Thrifty phenotypes in ants: Extending a human developmental hypothesis to a superorganism

Adaptation to extreme environments is commonly assumed to occur through microevolutionary change. However, studies of high-altitude human populations show that organisms can also respond to nutritional stress through developmental plasticity, producing thrifty phenotypes that prioritize essential function over costly structures. Whether this adaptive strategy extends beyond humans, and how it operates in natural systems, remains largely unexplored. Here, we test the thrifty phenotype hypothesis (TPH) in a widely distributed superorganism, the carpenter ant Camponotus herculeanus , which inhabits some of the most environmentally challenging regions of the Northern Hemisphere.

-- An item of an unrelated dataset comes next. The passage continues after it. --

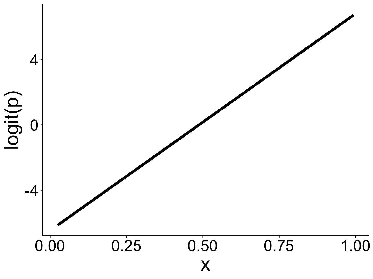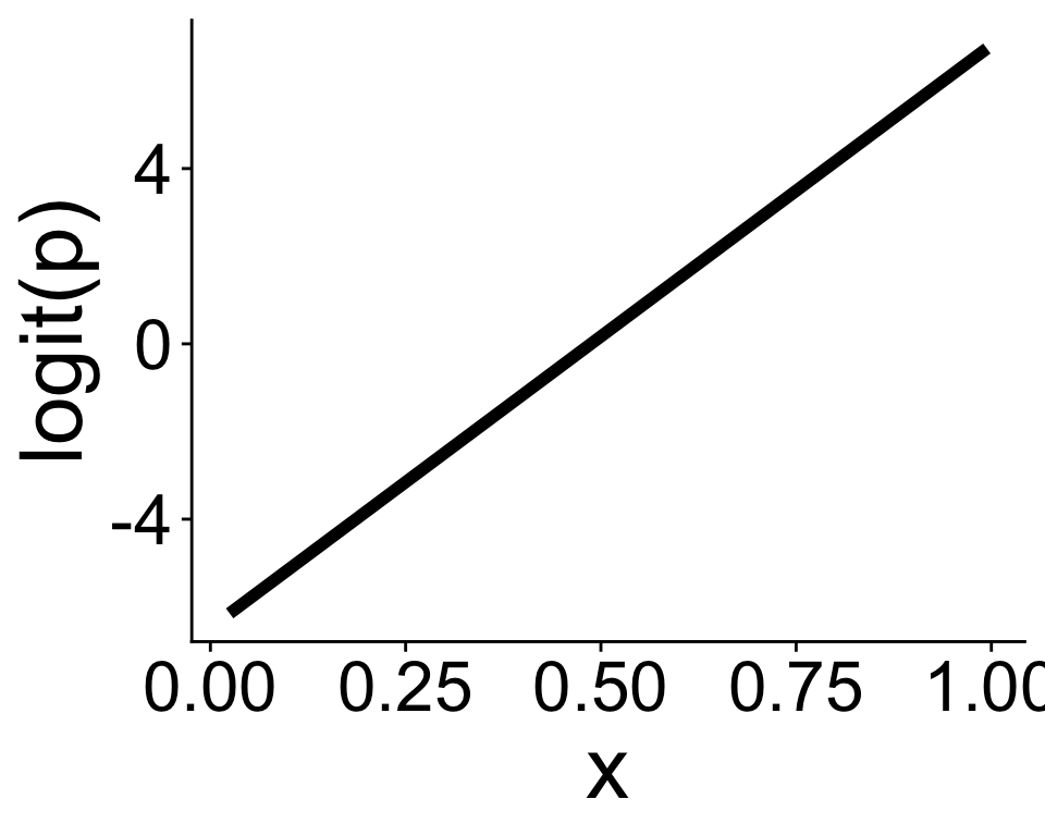 \[ \text{logit}(p) = b_0 + b_1 x \]

Colonies comprise inexpensive minor workers and energetically costly major workers, providing a powerful system for examining plastic investment under resource limitation. We quantified relationships between caste structure and climate and conducted a common-garden experiment to test the TPH. We show that the proportion of major workers declines with increasing latitude, independently of body size and colony size, and is best predicted by the number of days, annually, during which workers can nurse brood. Experimental results further demonstrate that colonies rapidly and plastically adjust caste structure in response to environmental conditions. Our findings reveal that thrifty phenotypes can emerge in superorganisms and could represent a conserved developmental response to environmental stress. By extending a central hypothesis from human biology to social insects, this work provides a unifying framework for understanding how developmental plasticity shapes adaptation across levels of biological organization.